GUEST POST: “VIM TIRAR ALGUMA COISA BOA DO QUE ME FEZ TÃO MAL”


Retirado do blog (com autorização) da Lola e da Autora do Guest Post, a Ana.

A Ana me enviou um email que começa assim: “Eu tenho dezoito anos e não sou um trote, nem uma brincadeira de mau gosto de alguém. Não escrevo super bem nem busco comoção das pessoas. Eu só tenho uma história triste que eu sei que acontece com muita gente que não tem coragem de contar, na verdade normalmente nem eu tenho. Mas ler as coisas que você escreve tão abertamente me deu vontade de dizer o que eu vivi, na esperança sincera de que isso possa ajudar alguém. De verdade, Lola, eu só peço que acredite em mim, porque muita gente não o fez quando eu precisei”.
Não vou nem comentar agora, talvez num outro post, apenas que acredito piamente no que a Ana conta. Eu ia cortar algumas frases, como aquelas em que Ana se dirige a mim, mas decidi deixar exatamente como está, sem mudar uma vírgula (e ela diz que não escreve super bem!). Fiquem com seu relato:

Quando eu tinha treze anos, eu conheci um cara. Ele era bonito, charmoso, elegante, sabia conversar, e tinha 21 anos. Eu era boba, ingênua, apaixonada, e logo comecei a namorar com ele ― o que teria sido um namorinho idiota que qualquer garota de treze anos tem e acha que é coisa séria, se ele não fosse quem é. Eu mal o conhecia, e hoje vejo quanta burrice eu cometi... Mas na época, eu não via isso. Meus pais sempre trabalharam o dia inteiro, e eu chegava da escola e ele vinha me buscar, a gente saía por aí... No começo, a gente só passeava de mãos dadas e eu me sentia a maior por ter um namorado. Depois ele começou a me levar em barzinhos, me incentivava a beber. Eu não gostava, mas bebia. Tudo pra agradar meu namorado, certo? E quando eu dizia que não queria fazer alguma coisa que ele queria, ele ficava meio bravo, mas eu acho que não percebia, ou não entendia muito bem. O caso é que eu tinha treze anos, e meninas de treze anos cansam das coisas muito facilmente, principalmente quando começam a achar que sair pra beber numa quarta à tarde com um cara que não conhecem muito bem é errado. E um dia, eu saí com umas amigas, e já estava meio cansada... acabei ficando com um menino. Fiquei morrendo de remorso. Quando eu lembro hoje, é até engraçado o quanto eu me remoí de remorso. Resolvi contar pra ele. Afinal, ele era meu namorado lindo e compreensivo, e ia entender, e a gente terminaria mas pelo menos seríamos amigos, quem sabe? Fiz a besteira de contar. Foi o primeiro dia que ele me bateu, Lola. Foi um tapa na cara no meio da rua, e as pessoas podem achar que foi só um tapa na cara, nada demais. Mas não deixo ninguém encostar na minha cara até hoje, nem de brincadeira, por causa disso. Eu lembro que caí no chão do lado de um poste e uma senhora veio me ajudar a levantar, olhando feio pra ele. E eu odiei essa senhora com todas as minhas forças e chorei de vergonha. Queria que ela sumisse e não me visse nunca mais. Não queria que ninguém me visse. Eu mandei ela embora. Não me lembro muito bem, mas eu acho que ela me olhou com pena. No dia, me parecia nojo.

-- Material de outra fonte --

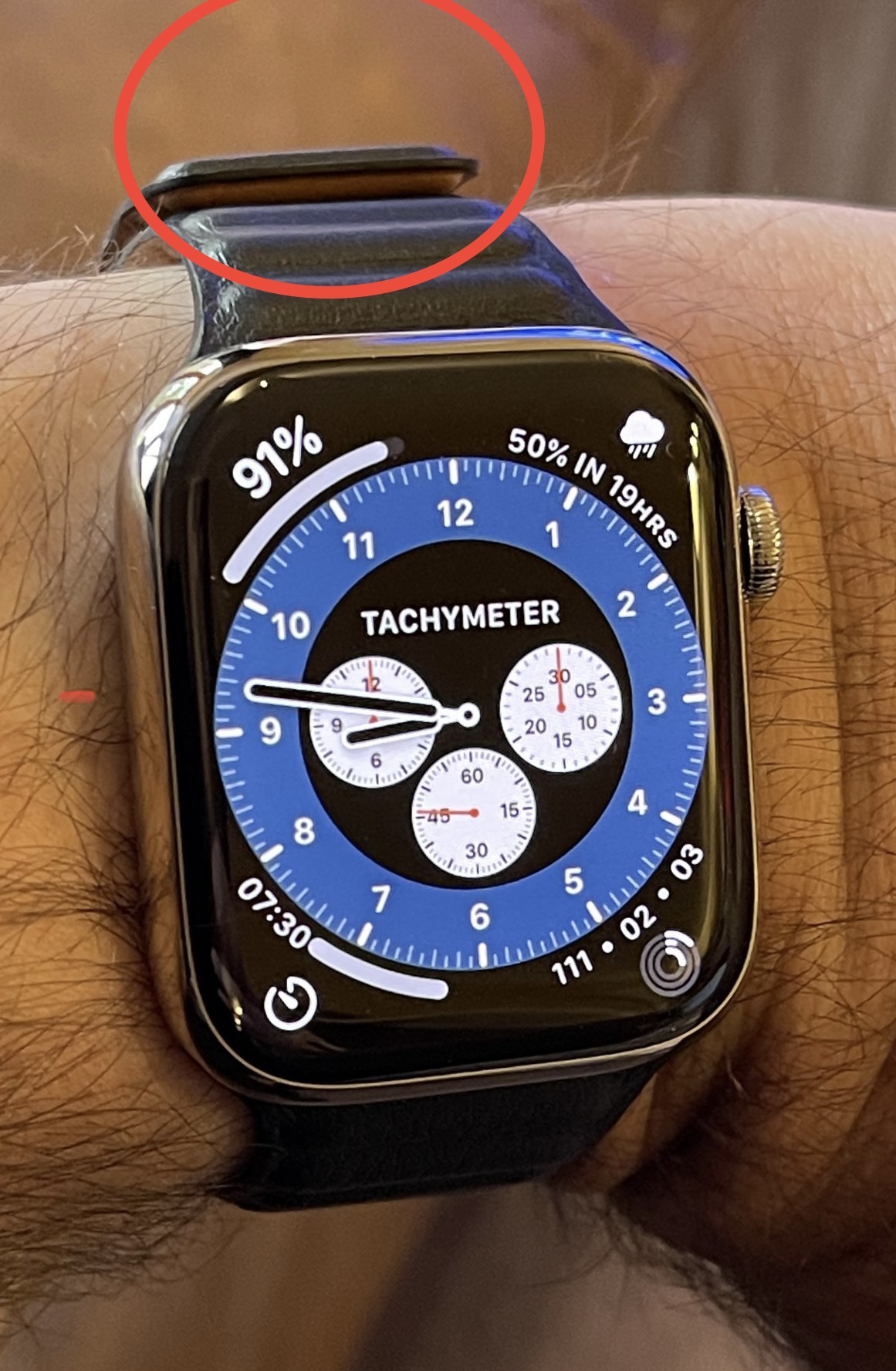 Glad I got the midnight leather band, looks very nice with the silver SS, why does the band wrap around that far? I’m OCD, don’t like that. 🤦♂️😂

Não sei bem porquê, não entendo até hoje minhas reações quanto a esse assunto, mas aquele tapa mudou minha cabeça. O jeito que ele me bateu enfiou na minha cabeça que ele tinha total domínio sobre mim e que eu seria a pior pessoa do mundo se não o obedecesse. Por isso, no dia seguinte, ele apareceu pra me buscar e eu saí com ele como se nada tivesse acontecido. Mas tinha acontecido, e ele não me deixou esquecer. A gente foi pra um bar e ― me desculpa, mas não tem outra forma de dizer isso ― ele colocava minha mão sobre o órgão dele o tempo inteiro por debaixo da mesa, e segurava ela lá, e eu me sentia horrorizada mas não fazia nada. E quando a gente saiu de lá, ele me levou pra um beco e me socou na barriga porque "eu estava paquerando o garçom".

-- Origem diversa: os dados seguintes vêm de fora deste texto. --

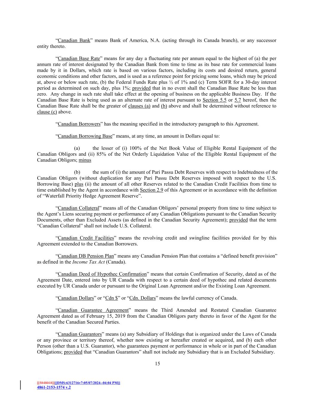 “Canadian Bank” means Bank of America, N.A. (acting through its Canada branch), or any successor entity thereto. “Canadian Base Rate” means for any day a fluctuating rate per annum equal to the highest of (a) the per annum rate of interest designated by the Canadian Bank from time to time as its base rate for commercial loans made by it in Dollars, which rate is based on various factors, including its costs and desired return, general economic conditions and other factors, and is used as a reference point for pricing some loans, which may be priced at, above or below such rate, (b) the Federal Funds Rate plus ½ of 1% and (c) Term SOFR for a 30-day interest period as determined on such day, plus 1%; provided that in no event shall the Canadian Base Rate be less than zero. Any change in such rate shall take effect at the opening of business on the applicable Business Day. If the Canadian Base Rate is being used as an alternate rate of interest pursuant to Section 5.5 or 5.7 hereof, then the Canadian Base Rate shall be the greater of clauses (a) and (b) above and shall be determined without reference to clause (c) above. “Canadian Borrowers” has the meaning specified in the introductory paragraph to this Agreement. “Canadian Borrowing Base” means, at any time, an amount in Dollars equal to: (a) the lesser of (i) 100% of the Net Book Value of Eligible Rental Equipment of the Canadian Obligors and (ii) 85% of the Net Orderly Liquidation Value of the Eligible Rental Equipment of the Canadian Obligors; minus (b) the sum of (i) the amount of Pari Passu Debt Reserves with respect to Indebtedness of the Canadian Obligors (without duplication for any Pari Passu Debt Reserves imposed with respect to the U.S. Borrowing Base) plus (ii) the amount of all other Reserves related to the Canadian Credit Facilities from time to time established by the Agent in accordance with Section 2.9 of this Agreement or in accordance with the definition of “Waterfall Priority Hedge Agreement Reserve”. “Canadian Collateral” means all of the Canadian Obligors’ personal property from time to time subject to the Agent’s Liens securing payment or performance of any Canadian Obligations pursuant to the Canadian Security Documents, other than Excluded Assets (as defined in the Canadian Security Agreement); provided that the term “Canadian Collateral” shall not include U.S. Collateral. “Canadian Credit Facilities” means the revolving credit and swingline facilities provided for by this Agreement extended to the Canadian Borrowers. “Canadian DB Pension Plan” means any Canadian Pension Plan that contains a “defined benefit provision” as defined in the Income Tax Act (Canada). “Canadian Deed of Hypothec Confirmation” means that certain Confirmation of Security, dated as of the Agreement Date, entered into by UR Canada with respect to a certain deed of hypothec and related documents executed by UR Canada under or pursuant to the Original Loan Agreement and/or the Existing Loan Agreement. “Canadian Dollars” or “Cdn $” or “Cdn. Dollars” means the lawful currency of Canada. “Canadian Guarantee Agreement” means the Third Amended and Restated Canadian Guarantee Agreement dated as of February 15, 2019 from the Canadian Obligors party thereto in favor of the Agent for the benefit of the Canadian Secured Parties. “Canadian Guarantors” means (a) any Subsidiary of Holdings that is organized under the Laws of Canada or any province or territory thereof, whether now existing or hereafter created or acquired, and (b) each other Person (other than a U.S. Guarantor), who guarantees payment or performance in whole or in part of the Canadian Obligations; provided that “Canadian Guarantors” shall not include any Subsidiary that is an Excluded Subsidiary. 15 [[5848018]][[DMS:6312716v7:05/07/2024--04:04 PM]] 4861-2153-1574 v.2

Tá, não vou te contar sobre cada dia, Lola, apesar de que me lembro de todos eles. O caso é que eu comecei a beber de verdade e a fumar todo tipo de coisa, com treze anos, porque tinha dia que eu não conseguia levantar da cama de tanta resignação. Acho que o pior era isso, a repressão; eu achava que não havia outra saída, eu só podia me conformar, era a minha sina. Eu comecei a mentir pros meus pais ― um hábito que eu nunca tive ― e a comprar maquiagem pra esconder os hematomas. Eu disse até que fui atropelada uma vez, pra minha mãe, pra explicar porque eu não tava conseguindo andar direito. Eu desejava que ele morresse e me culpava por isso, e cheguei a achar que merecia apanhar por desejar uma coisa tão horrenda. Eu aprendi a apanhar em silêncio porque ele se empolgava se eu começava a chorar... Me acostumei a vomitar todo dia quando chegava em casa. Não sei porquê, mas era uma reação automática. Eu vomitava e isso fazia com que fosse mais fácil fingir que estava tudo bem. Meus pais me enfiaram numa psicóloga ― eu estava emagrecendo, e me isolando, e indo mal na escola, tudo que nunca tinha acontecido ― e eu mentia pra ela também. Eu não tinha ninguém, Lola, porque eu não quis ter. Na verdade, eu acreditava sinceramente que era pra ser assim. Ele me fez acreditar nisso. Ele me tratava como lixo, cuspia em mim, pisava no meu rosto. É incrível, eu vejo hoje como isso mudou a minha vida.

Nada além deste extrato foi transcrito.